To Godbrothers and Godsisters of the First Generation
Posted August 1, 2010
Geez! Here I am -- yes, it's me -- Karuna -- feeling like I just gotta talk to you all about something that keeps buzzing in my bewildered old brain. (Pardon the casual English -- I get told all the time I'm too intellectual). But I've just got to speak up. Are you jivin' me about this 'children's karma'? Because if you're serious, I'm dumbfounded. I always thought that parents, educators and yeah, even government, were supposed to protect, guide and nurture the little folks. Beating, raping, embarrassing, demeaning, torturing them was bad -- really bad. That's why being a mommy seemed quite a big challenge. You had to get it right or you were the screwup.
But you all seem to have decided it goes the other way round -- it's on them, not us. Say what?! it's their karma, not ours? Are you telling me that all that falling down the wall, wanting to tear my face off, was just bull? And I could've just put all on Dasa, shrugged my shoulders and said, "Well, it was just your karma."? I'm amazed! Such an easy out, and it never occurred to me!
Well, somehow it still doesn't. I guess it's because I saw all the signs, looking back. They'd always been there. As the old saying goes, 'something was rotten in Denmark'. I just couldn't or wouldn't let myself see it. No -- I saw it, I just turned my back on it. Because what was I going to do -- send him to Karmi school? New Vrindaban was the last thing I had. I'd already pulled him out of two other lost-cause ashrams. And Sri Galim was such a considerate young bramachari... Never mind Dasa's endless pleas.
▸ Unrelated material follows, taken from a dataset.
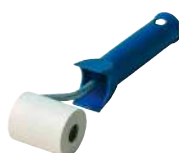
ROLLER page 393
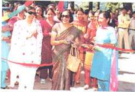
संस्थान में दीपावली मेले का आयोजन

के कई स्टाल रहे। पुरुषों के लिए आयोजित दोपहिया वाहन प्रतियोगिता ने विशेष रूप से आकर्षित किया।

It was just 'his creative mind', his love of 'story-telling', the twang of 'separation'. I had to keep strong, keep the faith -- ad infinitum. Schmoozed by a predator -- that was me.
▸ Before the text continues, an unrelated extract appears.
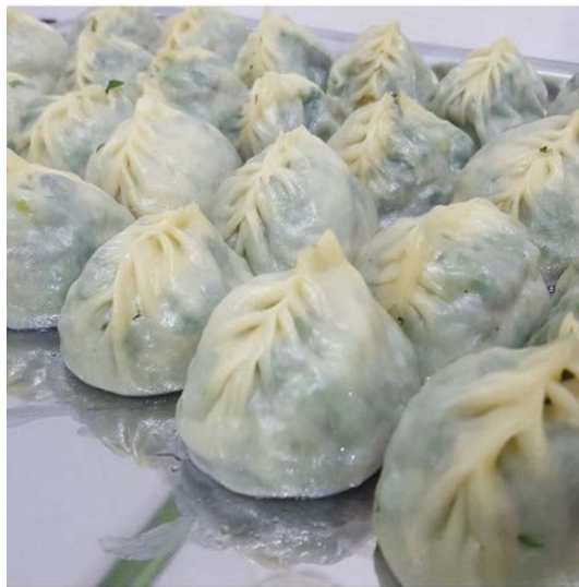
Figure 1. Green manta rays from Portulaca oleracea .

In the Bukhara oasis, species such as Spinacia turkestanica , Mentha longifolia and Portulaca oleracea are widely used as food. Local residents use the leaves of plants such as Atriplex tatarica , Spinacia turkestanica , Chenopodium album and Chenopodium rubrum to prepare various dishes such as somsa, manti, bichak.
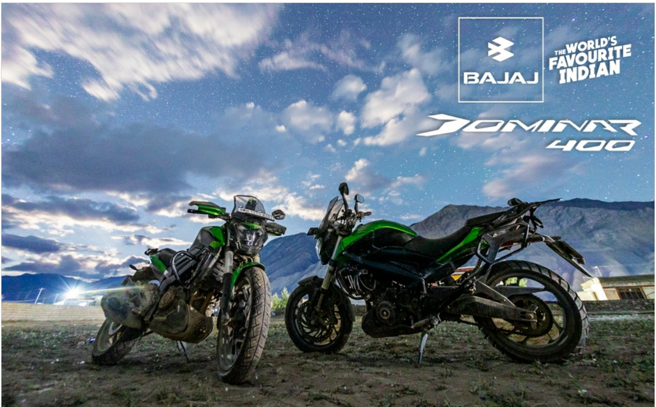
Figure 2.1: Dominar 400 Motorcycles in a scenic night setting.

The purchase of your Dominar 400 motorcycle involves a structured process to ensure a smooth transaction and delivery. The amount paid on Amazon is a booking amount for the ex-showroom price only. Additional charges for registration, road tax, and insurance are to be paid directly to the assigned dealership.

Karma... my karma. What can you say about a mommy who doubts her little boy and believes the predator who's assaulting him and all his little pals? Nothing good! But wait! It doesn't end there. I see in memory, every day, witnesses throughout the movement -- whole gangs of grown-ups turning their heads and closing their eyes. I see the Governing Board Commission taking no steps to assure the proper treatment of ISKCON's Second Generation. I see parents, now saying, 'well, I never sent my children'. What does that mean? Weren't they all our children? They were the future of Sri Caitanya's Sankirtan movement -- weren't they? You know that saying; "The future is in our hands"? All I see in our hands is karma. When we say it's theirs, we're like Pontius Pilate turning from the raging crowd and washing his hands in the convenient bowl behind him.
But it just won't do! It didn't work for him and it won't work for us! Wake up, brothers and sisters! it's our karma. Nobody's going anywhere till we figure that out and own it! And what do we say to Prabhupada -- you know, the one who so kindly took our karma?! How do we square this 'children's karma' thing with him? I'm no authority, but something tells me he's not too pleased. Just a thought to ponder on.
So that's all for today, then. I know, my 'creds' as teacher look a bit dismal. But, think on it -- I have a weird kind of advantage. I was brutally forced out of my cozy denial in one terrible moment when my boy's psyche finally splintered into a trillion pieces all over our linoleum floor one afternoon nine years before he died. I woke up because I got a bucket of ice water tossed in my face. I had to look inward -- it happened too fast for me to put up a shield. In that awful moment, I knew it was on me. And I knew it was on all of us, the First Generation. So I can tell you, unequivocally, that we're the ones holding the bag, not Krsna's children.
I don't want you ever to go through what I've been through to learn whose shoulders the old Gurukula system falls on. Please trust me on this. You have to get it in this life, or you'll have to get it later. There's just no escaping karma. And I don't want you to have to know what it was like for the children of Gurukula -- or what it's like to be the mommy of a child who could only find relief at the end of a rope or the barrel of a gun.
Thank you for listening to me. Please believe me. It's all I can give -- it's all the Second Generation can give you. It's a gift, not a reproach. Accepting karma can be a hard row to hoe, but the moment you take the first step, the burden feels lighter. It's the beginning of knowledge, the beginning of wisdom.